In the software industry, it is known that an out-of-source build is superior to an in-source build. However, despite the fact that mature build systems like CMake and Meson have out-of-the-box support for out-of-source builds, many projects are still built in-source.
Many agree that in source builds more straightforward to setup, out of source builds are “cleaner” and easier to manage. Some projects are not being switched because the current setup is sufficient and the “out-of-source build” is considered a nice-to-have feature.
The situation is similar in code generation. We have a source code generation process where the generated code is tracked in the source tree. For example, we generate API code from IDL files in backend projects. Then we have the out of source code generation. The macro systems supported by modern languages like Rust are an example of this.
In light of the evolving DevOps landscape, it is essential to re-evaluate the pros and cons of in/out-of-source builds.
Garbage files don’t work well with Monorepo
More and more projects are using monorepo to organize their code, especially large projects. Source code build and generation systems save more files in the repository. The build cache is not tracked by the source control system, but the generated code is. This put more pressure on the source control system.
Ignored files hurts source control performance
To get the status of the repository, source control system have to stating every files in it. Having more files means that each time you use the “git status” command, git have more work to do. While compiling, the cache files are updated often. Source control systems have to invalidate the internal cache, which causes the execution time to get even slower. For small projects, it doesn’t take long to get repository status. However, in a monorepo, the performance hit is worse. A monorepo has so many files that the cost of invalidating the cache is high. Git needs to load the “.gitignore” file for every ignored file, then run regular expression matches against the file path to determine if there are new files to track. Actually, in a big monorepo, more than 60% of the time is spent checking ignored files in “git status”.
In source generated code makes code review impossible
Code that is generated is considered noise during a code review. Nobody reviews code that was generated. In a small project, there is usually only a few lines of generated code the reviewer can easily filter out. In a monorepo, the code is stored in its respective module. This makes it very difficult to filter out during a code review. In that case, most reviewers would simply quit and say “LGTM”.

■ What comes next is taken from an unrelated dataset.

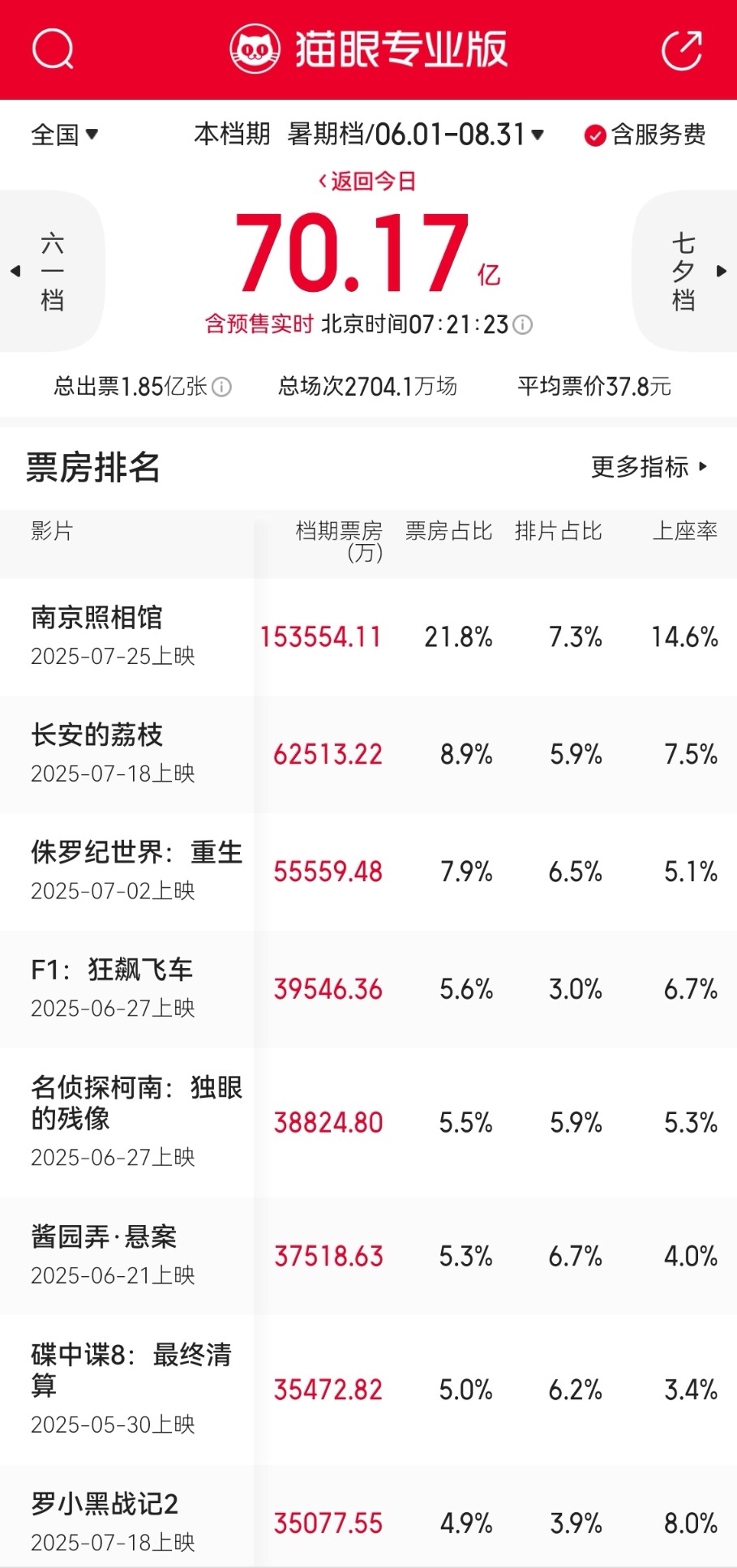 从单部影片票房来看,据猫眼专业版数据 (截至 8 月 4 日 7 时 21 分),《南京照相馆》 位列 2025 年暑期档榜首,总票房破 15 亿元;《长安的荔枝》 累计票房超 6 亿元,位列第二;《侏罗纪世界:重生》 累计票房超 5.5 亿元,位列第三。

Generated code in monorepo is not reviewable.
Hidden ignored files eat up disk space over time
A monorepo is made up of more than one project. Developers may work on one project at a time and switch to another project later. However, old project’s build caches are not cleaned. As time goes on, there will be more and more build caches in the repository that haven’t been deleted. These caches will take up a lot of storage space. The in-source-build cache directories are ignored by the source control system. They spread all over the repository, there is no obvious way to know the size of the build caches. In a out-of-source build project, you can see the size of the build directory in the file browser.
Garbage files don’t play well with Predictive coding helpers
In recent years, the popularity of coding tools that use predictive models has grown quickly. Even if you don’t use a predictive model-based coding helper, other people will use it.

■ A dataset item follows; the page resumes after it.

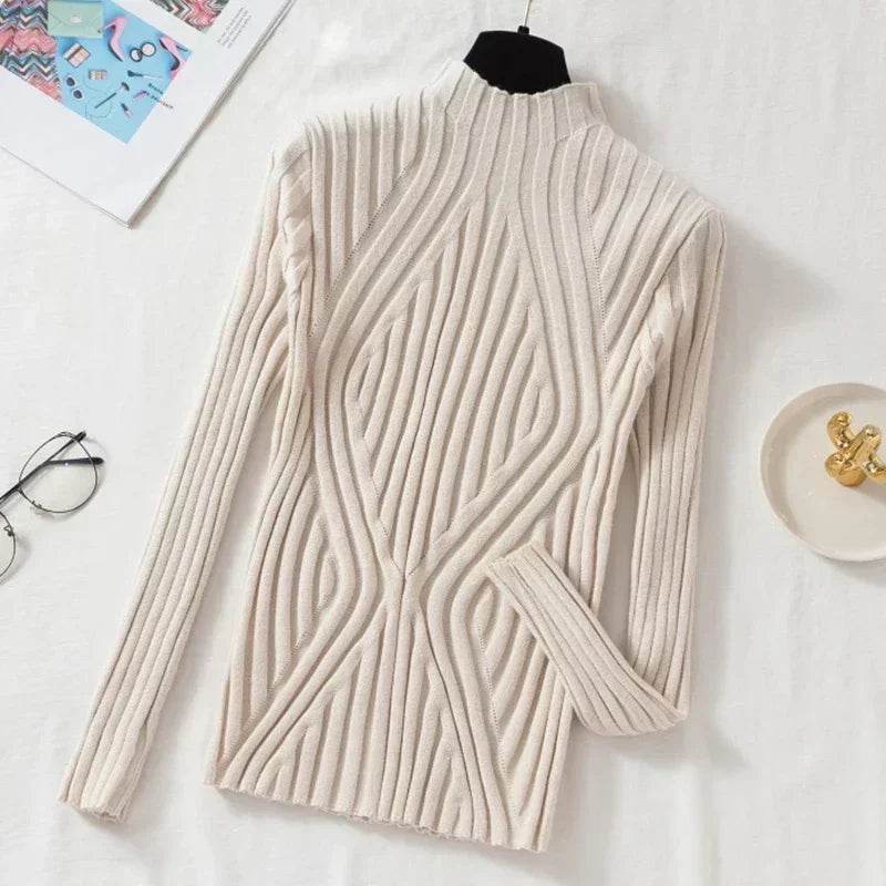 Chic Women’s Knitted Pullover Sweater - Half Turtleneck, Slim Fit

In source build caches and generated code pollute the context
You should not edit the caches or generated code manually. Changing these files in the wrong way will probably cause the build to fail and will lead to hard-to-find bugs. But your predictive model-based coding helpers don’t know that! They will treat build caches and generated code as regular source files, adding them to the current context. If the models have a shorter context length, the input is cut off, and useful information may be lost. Even on models with a long context, the output becomes less accurate as the context gets longer.

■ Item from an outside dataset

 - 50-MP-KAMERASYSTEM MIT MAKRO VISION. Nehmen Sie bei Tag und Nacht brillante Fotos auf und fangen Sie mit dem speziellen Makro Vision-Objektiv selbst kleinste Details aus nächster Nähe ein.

In source build increase the background noise level.
In source build caches and generated code makes searching slower and affects the efficiency of coding helpers
Code searching is important for both the developers and coding helpers. Developers depend on code search during the process of refactoring. Code helpers use code search to better understand the code base and improve the quality of generated code. Building caches and generating code in the source makes searching slower and adds noise to the search results. In the worst case, code helpers may add code to the wrong files.